* **Assigned task**
Go through the listing below and repeat it exactly, omitting each picture.

* **Data block**
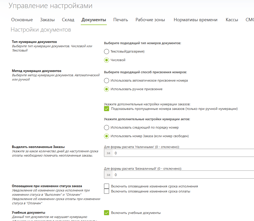Учебные документы предназначены для обучения сотрудника правильному составления заказа. При включенной опции вы можете создавать учебные документы.
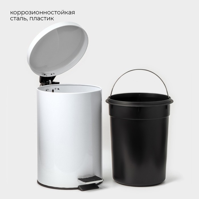 С радостью представляем вам элегантное и функциональное решение для поддержания чистоты в вашем доме — мусорное ведро с педалью! Этот стильный аксессуар выполнен из высококачественной нержавеющей стал... Показать описаниеи, что не только гарантирует его долговечность, но и добавляет современный оттенок в интерьер вашего пространства. Объем в 3 литра делает его идеальным дополнением для кухни, ванной или рабочего кабинета. Благодаря цилиндрической форме и чистому белому цвету, ведро легко вписывается в любую обстановку, а его лаконичный дизайн будет гармонировать с различными стилями интерьера. * Легкость в использовании: педальный механизм позволяет открывать крышку без необходимости касаться ведра, что способствует поддержанию гигиеничности и удобства. * Высокое качество материала: нержавеющая сталь не только красиво выглядит, но и устойчива к коррозии и повреждениям, обеспечивая долгий срок службы продукта. * Компактный размер: объем 3 литра делает ведро идеальным вариантом для небольших пространств, не занимая много места, и в то же время достаточно вместительным для ежедневных отходов. * Закрытая крышка: продуманный механизм с крышкой помогает скрыть неприятные запахи, создавая свежую атмосферу в комнате. * Стильный внешний вид: белый цвет и строгие линии делают это ведро эффектным аксессуаром, который станет настоящим акцентом вашего интерьера. Дополнительно Внимание: На товаре могут быть небольшие вкрапления в покраске. Это связано с особенностями технологии нанесения покрытия и не считается дефектом. Не влияют на функциональность и качество товара.
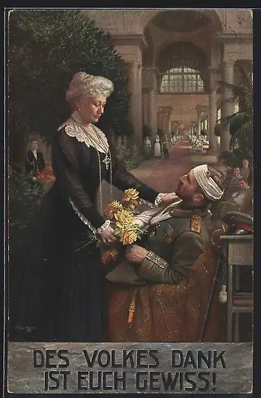 Künstler-AK Kaiserin Auguste Victoria von Preussen auf Truppenvisite im Lazarett, verwundeter Soldat bekommt Blumen

* **Response to the task**
Учебные документы предназначены для обучения сотрудника правильному составления заказа. При включенной опции вы можете создавать учебные документы.
 С радостью представляем вам элегантное и функциональное решение для поддержания чистоты в вашем доме — мусорное ведро с педалью! Этот стильный аксессуар выполнен из высококачественной нержавеющей стал... Показать описаниеи, что не только гарантирует его долговечность, но и добавляет современный оттенок в интерьер вашего пространства. Объем в 3 литра делает его идеальным дополнением для кухни, ванной или рабочего кабинета. Благодаря цилиндрической форме и чистому белому цвету, ведро легко вписывается в любую обстановку, а его лаконичный дизайн будет гармонировать с различными стилями интерьера. * Легкость в использовании: педальный механизм позволяет открывать крышку без необходимости касаться ведра, что способствует поддержанию гигиеничности и удобства. * Высокое качество материала: нержавеющая сталь не только красиво выглядит, но и устойчива к коррозии и повреждениям, обеспечивая долгий срок службы продукта. * Компактный размер: объем 3 литра делает ведро идеальным вариантом для небольших пространств, не занимая много места, и в то же время достаточно вместительным для ежедневных отходов. * Закрытая крышка: продуманный механизм с крышкой помогает скрыть неприятные запахи, создавая свежую атмосферу в комнате. * Стильный внешний вид: белый цвет и строгие линии делают это ведро эффектным аксессуаром, который станет настоящим акцентом вашего интерьера. Дополнительно Внимание: На товаре могут быть небольшие вкрапления в покраске. Это связано с особенностями технологии нанесения покрытия и не считается дефектом. Не влияют на функциональность и качество товара.
 Künstler-AK Kaiserin Auguste Victoria von Preussen auf Truppenvisite im Lazarett, verwundeter Soldat bekommt Blumen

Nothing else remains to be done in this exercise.